Em meu romance Mastigando Humanos, um jacaré solitário tenta escrever num quarto de hotel, enquanto a cidade toda é sacudida por Godzilla. O jacaré prepara um grande romance sobre sua vida, mas se pergunta quem se interessará por essas picuinhas quando há um réptil tão maior, mais perigoso, sem a mínima delicadeza ou sofisticação destruindo a cidade. Ronaldo Fenômeno é meu Godzilla. Que se torna notícia instantânea em todo país (e além) apenas por uma contusão no joelho (ou por ser pego num motel com travestis), enquanto anos de meu trabalho se tornam um 1/4, quem sabe meia página, numa resenha de jornal.

Seremos sempre minoria.

Mas não é preciso nem pensar apenas em nós escritores (nós leitores), animais sempre tão exóticos, penso nos esportistas menos óbvios, ginastas, tenistas. Gente que passa anos e anos treinando contra todo o país, o país lutando contra, o país investindo apenas em futebol, sem conseguir patrocínio, sem lugar para treinar, as quadras ocupadas por campos. Esportistas que pagam caro para conseguir um ginásio, uma raquete, uma passagem internacional. E quando conseguem uma medalha num grande mundial.... Vitória do Brasil!!! Vitória do Brasil? Eu reclamaria essa vitória só para mim.
Lutar contra também forma o que somos.

E isso tudo é o que nos forma, o que me forma genuinamente brasileiro. Relendo este texto, vejo o que tenho para contar, que minha experiência de vida é intrinsecamente formada por eu morar no Brasil. As Copas do Mundo, os carnavais, o samba e todos os clichês inevitavelmente fazem parte de minha vida. (Aliás, levei chineladas de Havaianas na infância...). Ser excluído dos times talvez tenha tornado o futebol mais importante para minha formação do que para os campeões da minha infância.
Mas estou apenas nos clichês... Será que é só isso de que é feito o Brasil e os brasileiros?

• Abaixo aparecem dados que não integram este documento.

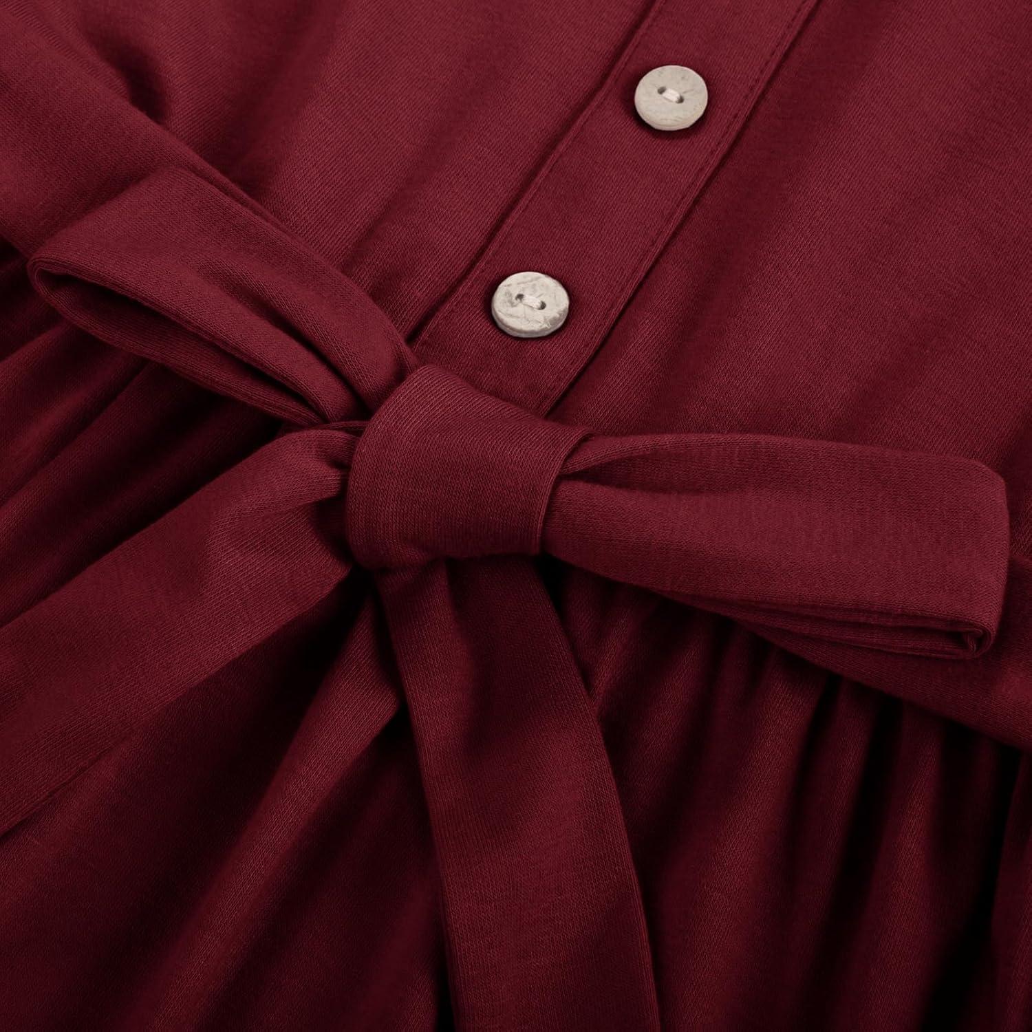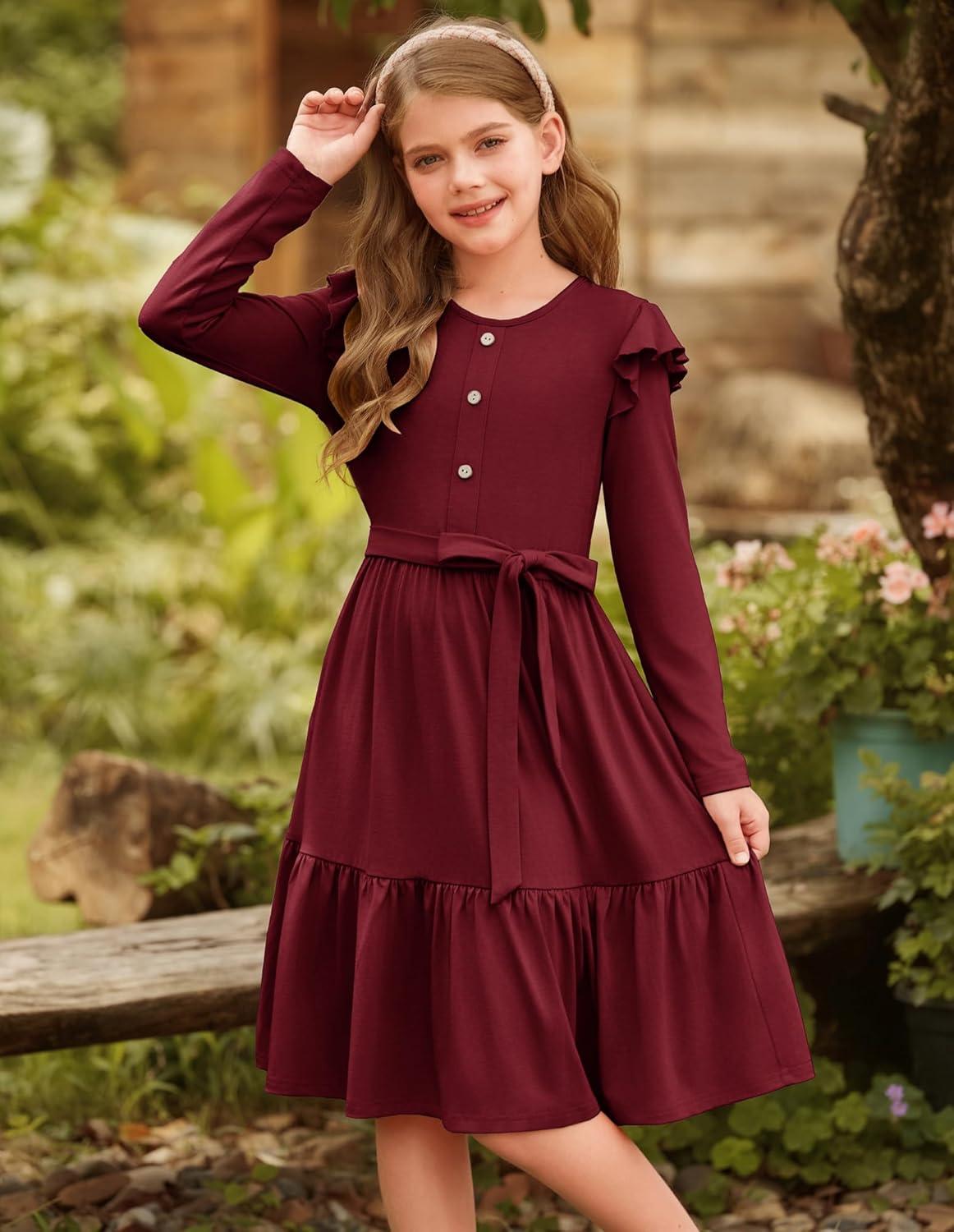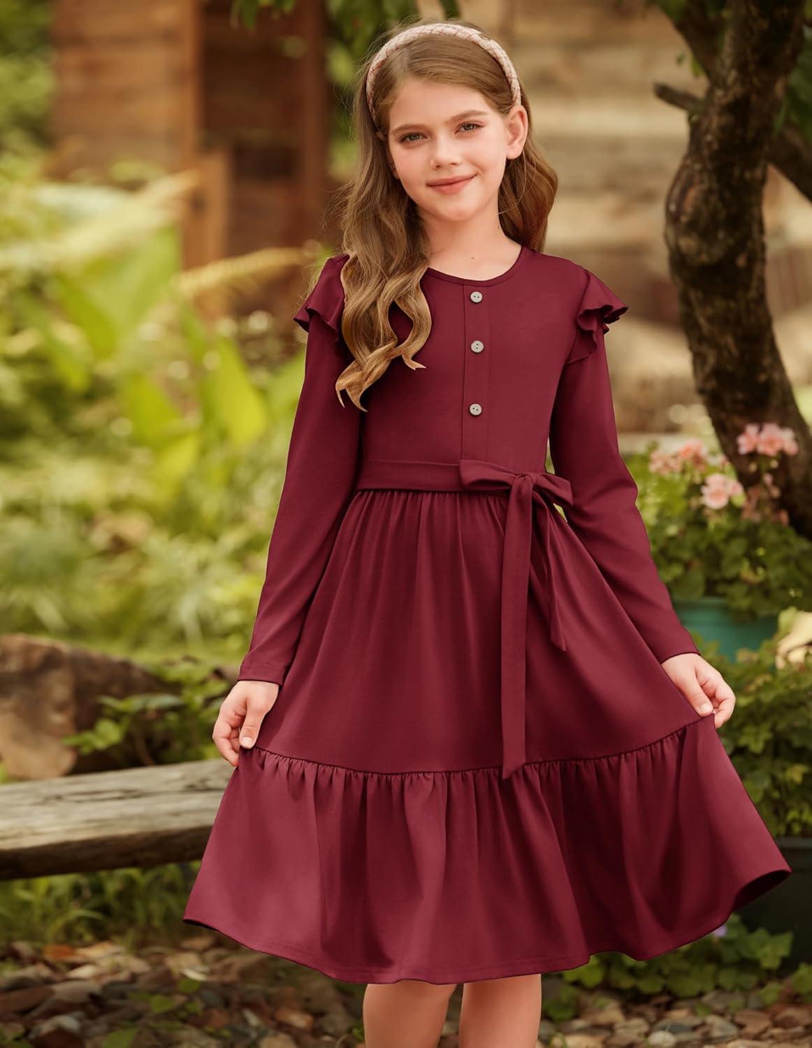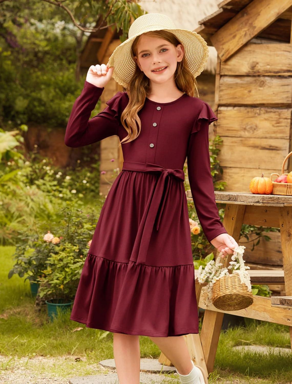 GRACE KARIN Girls Fall Long Sleeve Dress for Girl Rullfe Button Casual Flowy Tiered Dresses with Pocket 6-14Years(Wine Red)
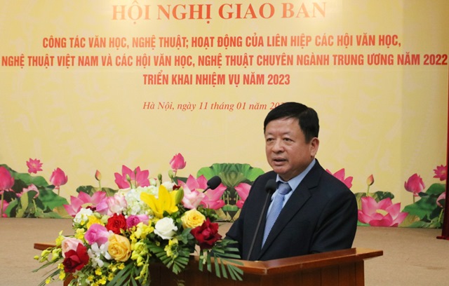 | Hội nghị giao ban công tác văn học, nghệ thuật, hoạt động của Liên hiệp các Hội Văn học, nghệ thuật (VHNT) Việt Nam, các Hội Văn học, nghệ thuật chuyên ngành Trung ương năm 2022, triển khai nhiệm vụ năm 2023. |
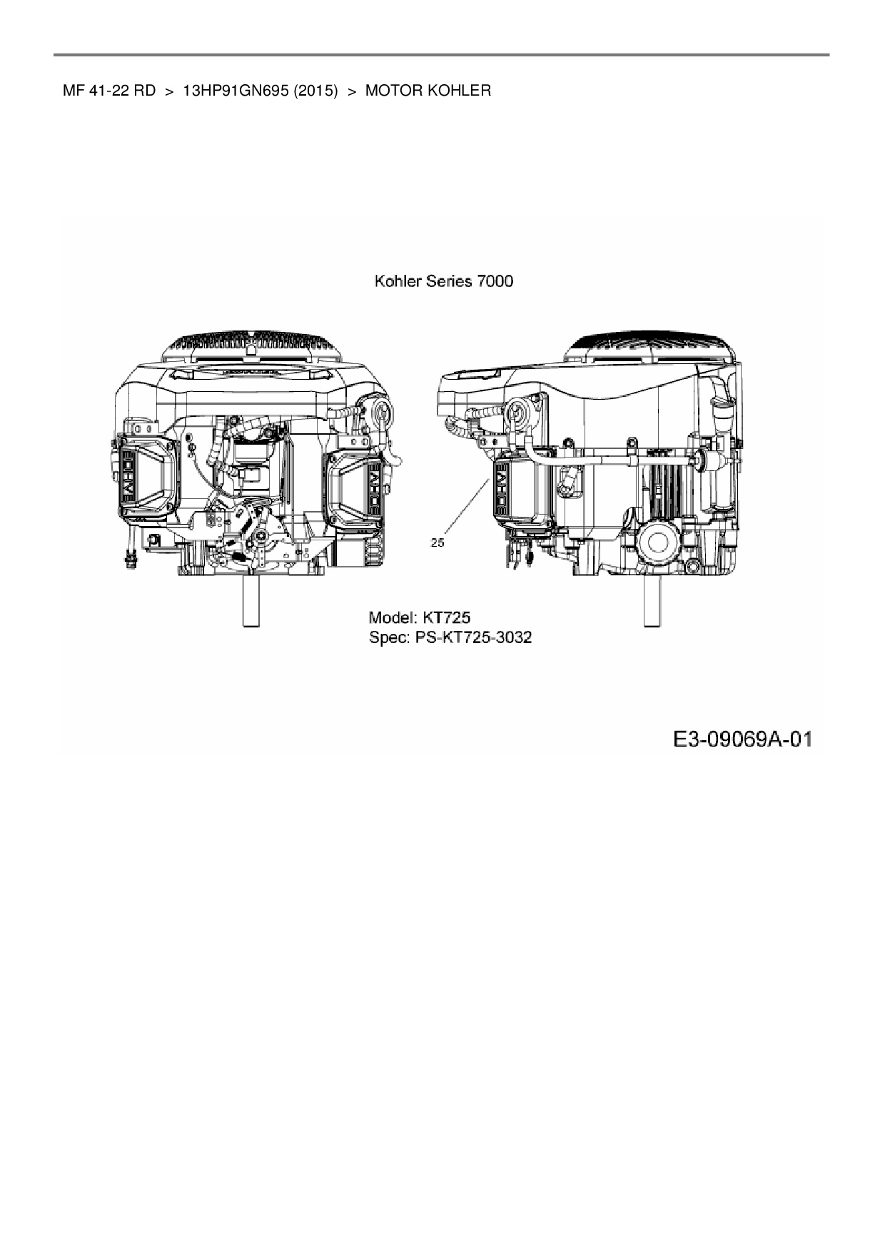 Ersatzteile für Rasentraktor Massey Ferguson MF 41-22 RD aus der Zeichnung Motor Kohler:
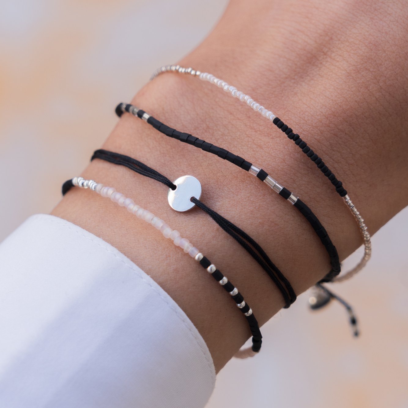 The silver Black Velvet bracelet mix consists of four ribbons in matte black and cream. Occasional silver beads provide an elegant finish.
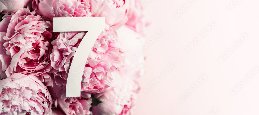 Creative layout. Pink peony flowers and digit seven 7. Birthday greeting card. Anniversary concept. Top view. Copy space. Stylish white numeral over flowers background. Numerical digit.
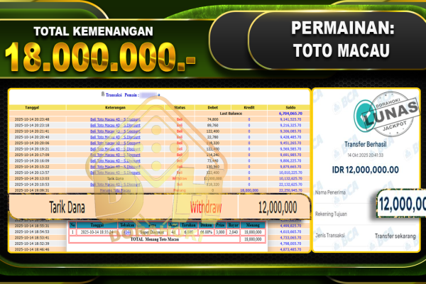 Bukti JP TOGEL Toto Macau 4D – ucapkan selamat kepada user id Aonxxx atas kemenangan di TOGEL Toto Macau 4D dengan total kemenangan Rp.66.500.000,- Yang pasti nya langsung LUNAS sesuai bukti ya bosku. Dorahoki nih bosku berapapun akan tetap kami bayar lunas ya bosku.F
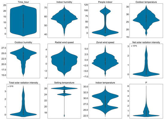 The data used in this study were collected from an office building in Nanjing, China. The building’s equipment management system is illustrated in Figure 4. Approximately 12,500 data entries were collected. After excluding data points related to the non-operational periods of the AC system and removing extreme outliers, the dataset was refined to about 5000 continuous entries. The initial feature set included 12 variable categories (X1–X12), comprising current time (H), indoor humidity (Din), indoor occupancy (Min), outdoor temperature (Tout), outdoor humidity (Dout), radial wind speed (Vradial), zonal wind speed (Vzonal), net solar radiation intensity (Rnet-solar), total solar radiation intensity (Rtotal-solar), set temperature (Tset), AC power consumption (P), and indoor temperature (Tin). Table 1 presents statistical descriptions of these variables. The data were systematically updated every 10 min, resulting in a comprehensive dataset with 70 variables (X1–X12 for the past 10 to 50 min and X1–X10 for the current time). The distributions of the 12 variables are shown in Figure 5.
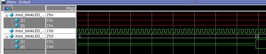 what I really want to do, is provide input stimulus signals like we would do for an HDL design. So I can have the LED toggle when the button signal goes high. I would flip the button on and off every 100 clock cycles and the LED would toggle with it. This is what I want to simulate, but in Nios instead of VHDL or verilog. In a VHDL simulation this is pretty trivial to accomplish.
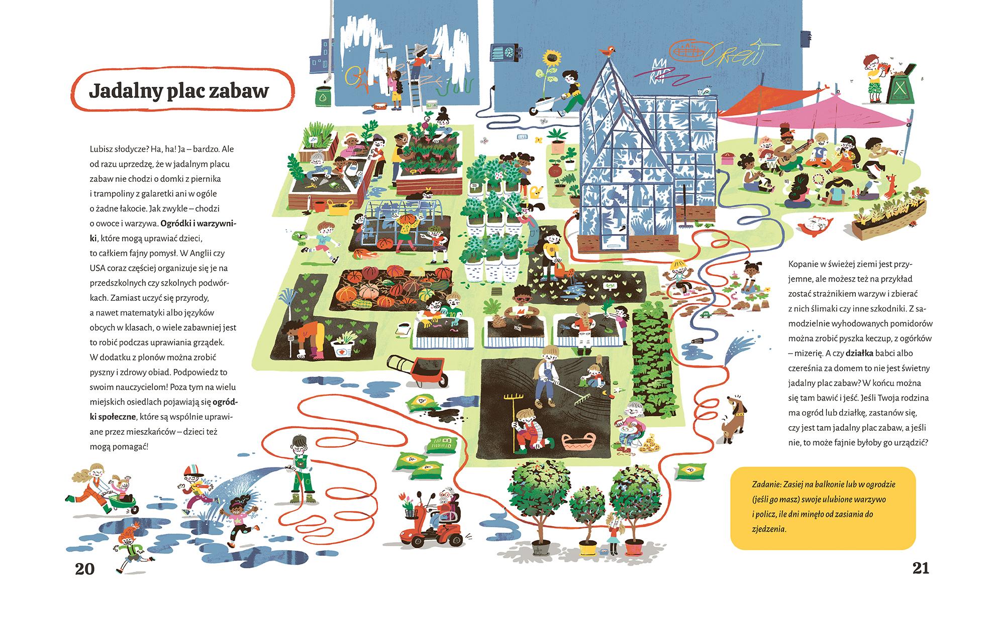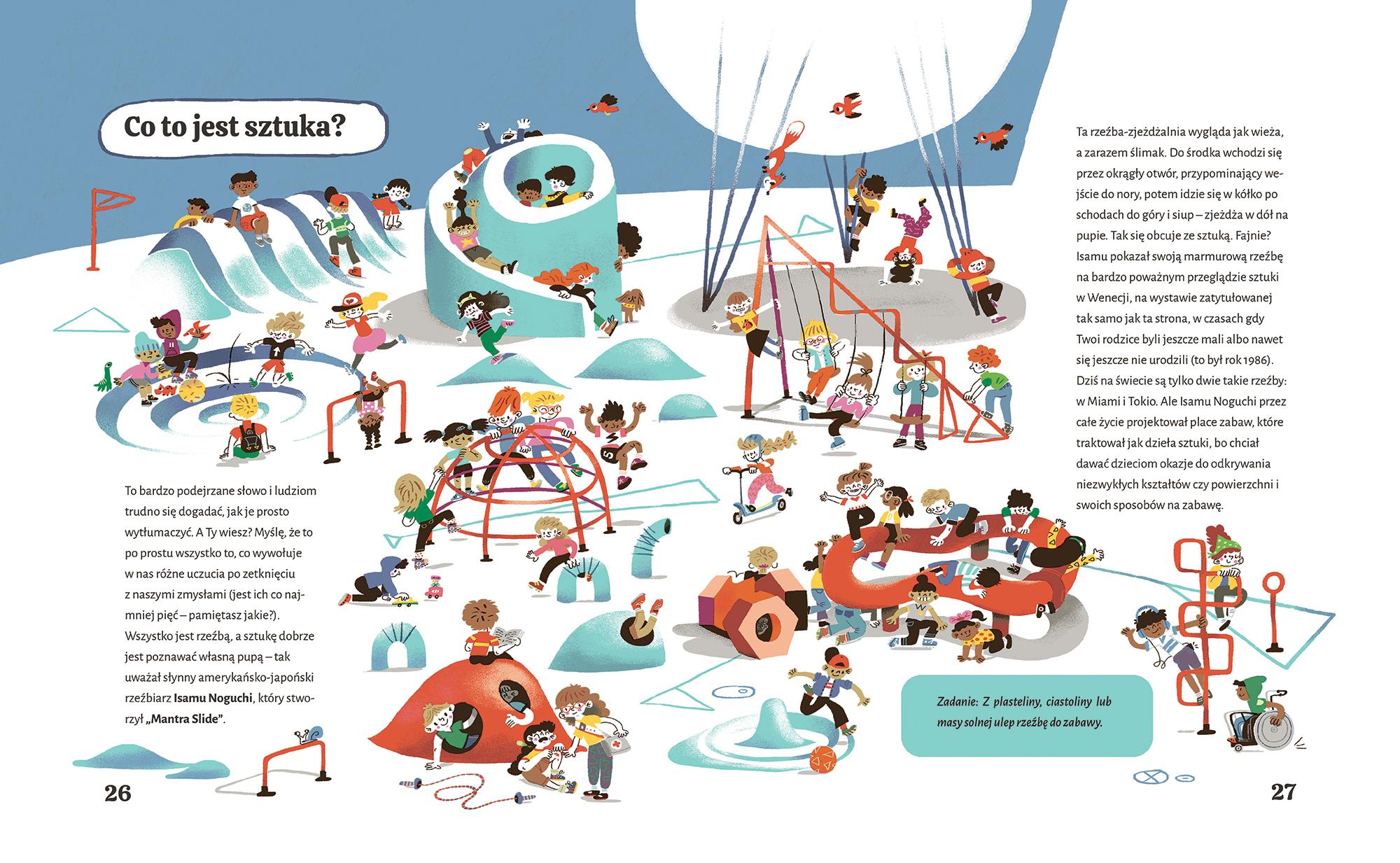 Zaskoczy was, ile on może mieć różnych form, jak pomysłowo można go zorganizować, ilu dorosłych nad nim główkuje i jak łatwo przychodzi dzieciom stworzenie go w dowolnym miejscu i w każdej chwili. Choć trzeba przyznać, że plac zabaw to też zupełnie niepoważna sprawa. Często dzieci zapominają tu o całym świecie, ganiają się, brudzą, wygłupiają – i nie chcą wracać do domu. Macie rację! Najdziwniejsze jest to, że mało kto się nad tym wszystkim tak na serio zastanawia, więc chyba więcej niż o placach zabaw wiemy o dinozaurach! Dlatego zapraszamy na wyprawę przez 22 place zabaw dookoła świata!!! Pssst, Rodzice! Wiecie, od czego można zacząć edukację przestrzenną? Jak ćwiczyć z dziećmi wyobraźnię, zmysł estetyki, empatię, uważność i kreatywność? Wybierzcie się razem na najróżniejsze place zabaw, przyglądajcie się im i rozmawiajcie o nich! W tej książce znajdziecie też mnóstwo pomysłów na rozwijające zabawy!Szczegółowe informacje na temat książki Nie tylko place zabaw!

Eu não saberia dizer. Como eu disse, me falta algo do olhar do estrangeiro, por isso não me atrevo a escrever (em livro) sobre o Brasil. O que há no meu país além do clichê é algo que eu, peixe mergulhado na água, não posso perceber. Só posso tentar decifrar e explicar minha experiência como brasileiro com o que existe de estereótipo, com o que se vê comentado pelo estrangeiro, com o que chama a atenção de fora. Há várias outras coisas em mim tipicamente brasileiras, que eu não poderia perceber.
Em países como Finlândia, recebo olhares curiosos. Tenho olhos e cabelos castanhos, um tom de pele certamente não- escandinavo, de repente também uma malemolência, algo que visto de fora, de longe, por olhos cristalinos, pode formar a figura precisa de um latino. “Você é brasileiro mesmo? Brasileiro nascido no Brasil?” Veja só, conquisto uma grife. Aproveito toda essa estirpe e chachachá num país que não está acostumado a receber tantos turistas.
Eu não sou moreno, não ouço Caetano e não tenho rixas com argentinos. Mas moro na praia, pratico kite-surf, e faço uma caipirinha como ninguém.